-- TASK STATEMENT --
Exact copy, pictures omitted: the line holding "海軍航空大學(xué)某基地" and every line after it down to the end of the entries.
[MATERIAL PROVIDED Boundary: Start]
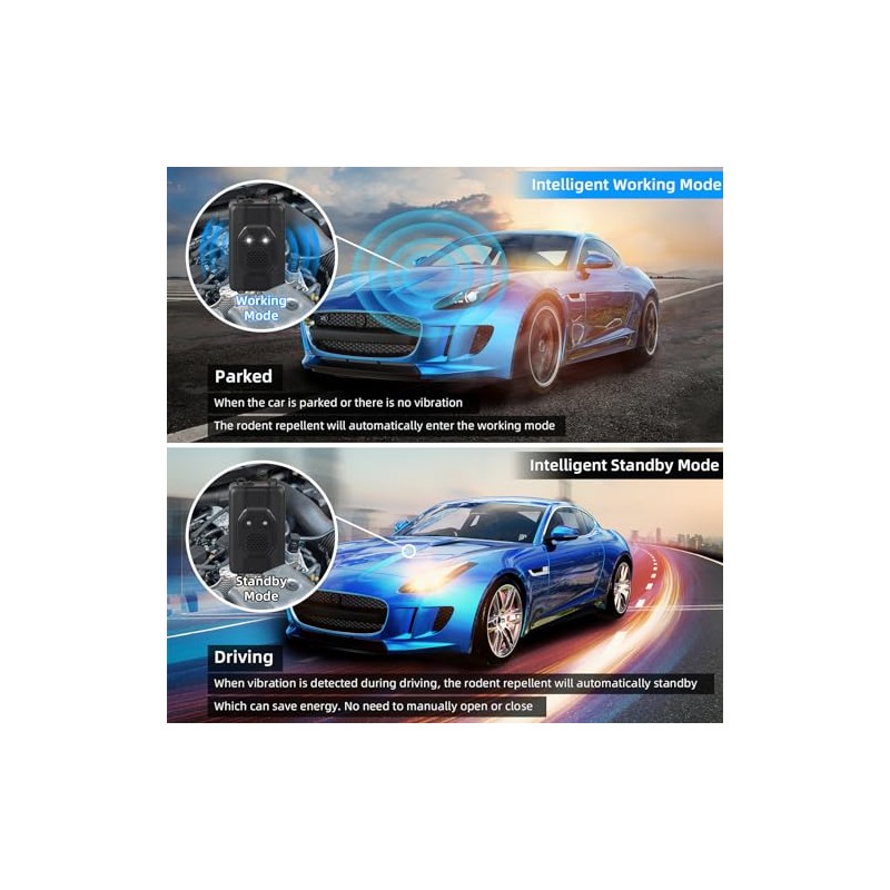 - Características de detección inteligente: El repelente de ratas para automóvil incluye una autoprueba de encendido y detección de vibraciones, cambiando automáticamente al modo de espera mientras se conduce y se activa 5 minutos después del estacionamiento para proteger su vehículo de roedores
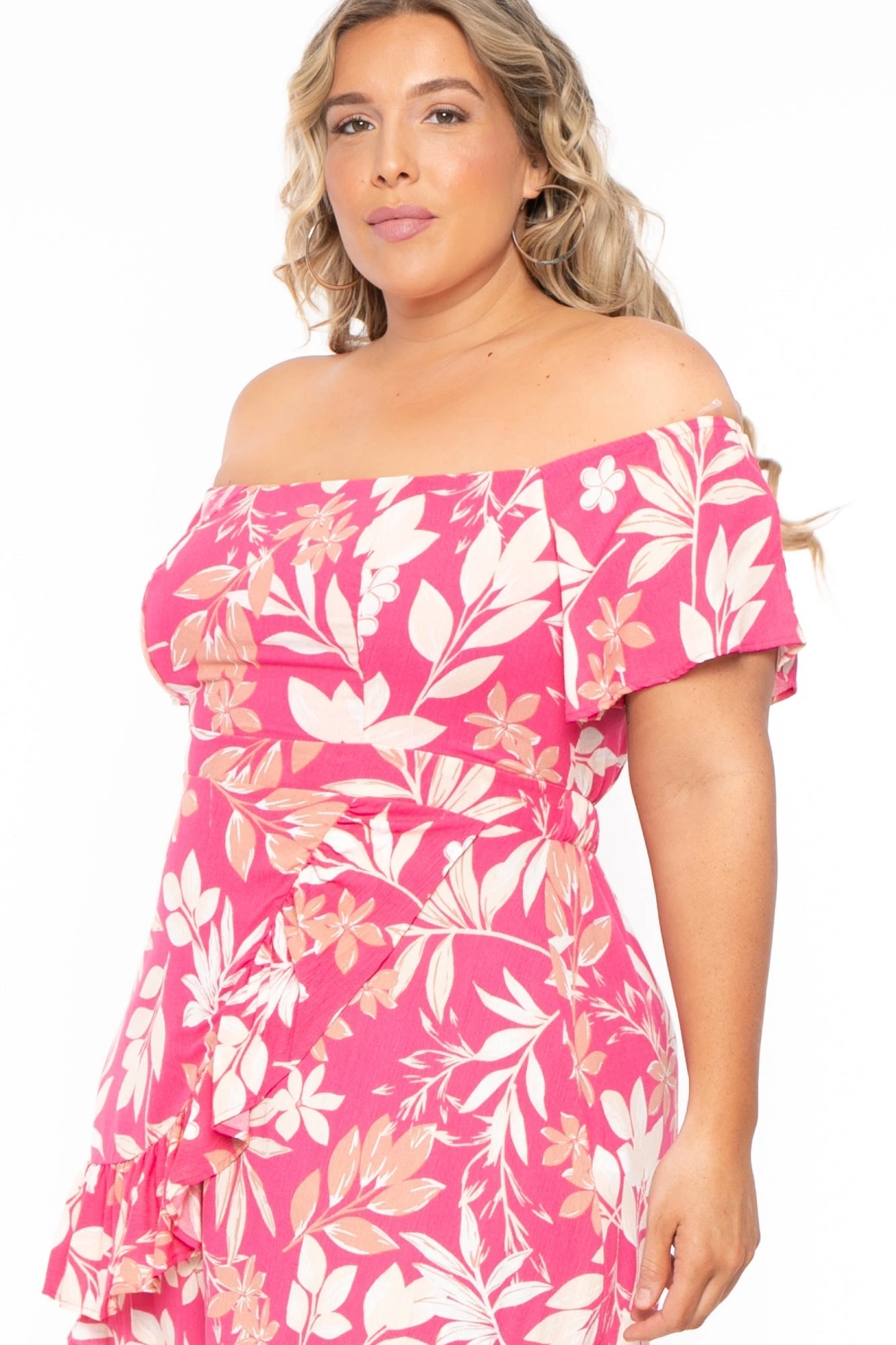 This plus size woven dress features an all over leaf print, a off the shoulder neckline, short sleeves fully lined elastic waistline and a tulip ruffle hem.
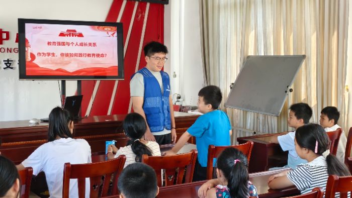 三、了解時下政策,同心助力振興 7月24日志愿服務(wù)隊圍繞習(xí)近平總書記關(guān)于教育的重要論述,開展三場主題宣講,分別以“科教興國戰(zhàn)略”“扶貧必扶智”和青年寄語為核心,通過政策解讀、案例展示和互動討論等形式,重點闡釋教育振興與二十大精神的關(guān)系、教育惠民政策成效及青年支教作用,并在鳳山縣中亭村邀請聽眾分享體會,激發(fā)青年投身鄉(xiāng)村教育,助力實現(xiàn)2035教育現(xiàn)代化目標(biāo)。
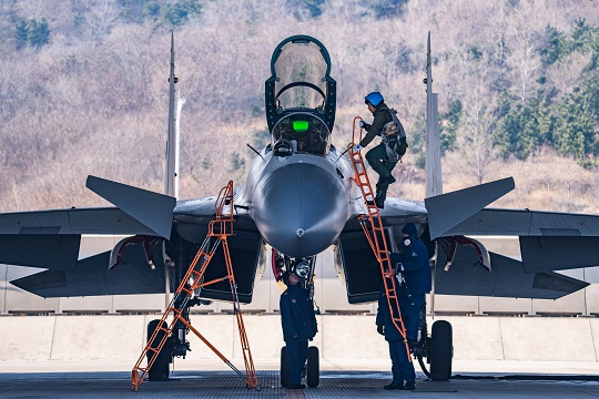 海軍航空大學(xué)某基地組織飛行訓(xùn)練,圖為飛行教官在機(jī)務(wù)人員的幫助下登上殲-15戰(zhàn)機(jī)。萬(wàn)全 攝
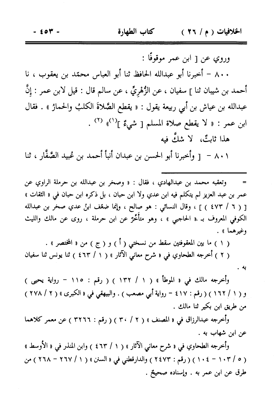 800- أخبرنا أبو عبد الله الحافظ ثنا أبو العباس محمد بن يعقوب، نا أحمد بن شيبان ثنا] سفيان، عن الزهري، عن سالم قال: قيل لابن عمر: إن عبد الله بن عياش بن أبي ربيعة يقول: ((يقطع الصلاة الكلب والحمار)). فقال ابن عمر: ((لا يقطع صلاة المسلم [شيءٌ])).
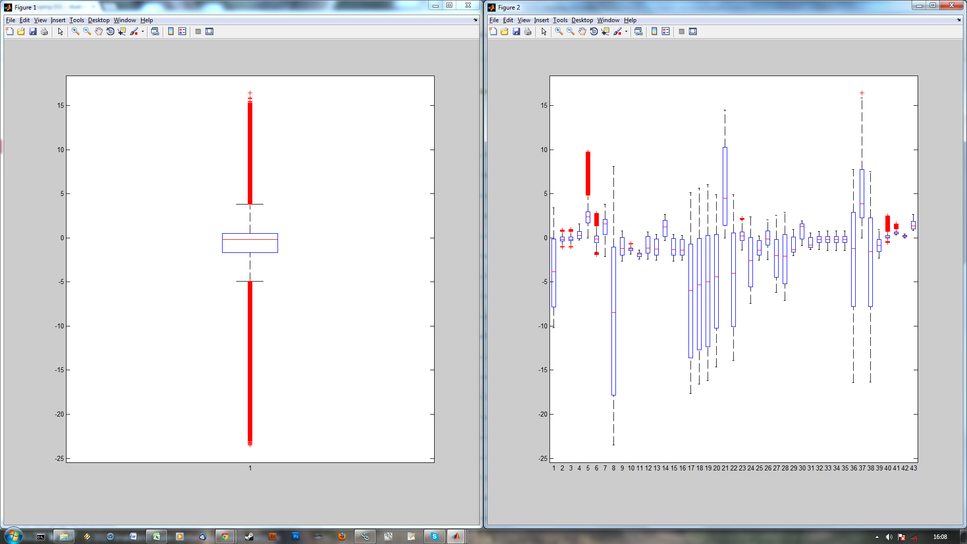 Ich hab gerade nur keine Ahnung wie ich das Anstellen soll. Laut der Matlab-Hilfe müsste mir der Befehl boxplot(M) maximal 48 Boxplots für eben eine Quellmatrix M liefern. Die Matrizen alle aneinanderzufügen wird auch nicht zum Ziel führen, da sie alle unterschiedlich groß sind.
[MATERIAL PROVIDED Boundary: End]
-- SOLVED EXERCISE --
 海軍航空大學(xué)某基地組織飛行訓(xùn)練,圖為飛行教官在機(jī)務(wù)人員的幫助下登上殲-15戰(zhàn)機(jī)。萬(wàn)全 攝
 800- أخبرنا أبو عبد الله الحافظ ثنا أبو العباس محمد بن يعقوب، نا أحمد بن شيبان ثنا] سفيان، عن الزهري، عن سالم قال: قيل لابن عمر: إن عبد الله بن عياش بن أبي ربيعة يقول: ((يقطع الصلاة الكلب والحمار)). فقال ابن عمر: ((لا يقطع صلاة المسلم [شيءٌ])).
 Ich hab gerade nur keine Ahnung wie ich das Anstellen soll. Laut der Matlab-Hilfe müsste mir der Befehl boxplot(M) maximal 48 Boxplots für eben eine Quellmatrix M liefern. Die Matrizen alle aneinanderzufügen wird auch nicht zum Ziel führen, da sie alle unterschiedlich groß sind.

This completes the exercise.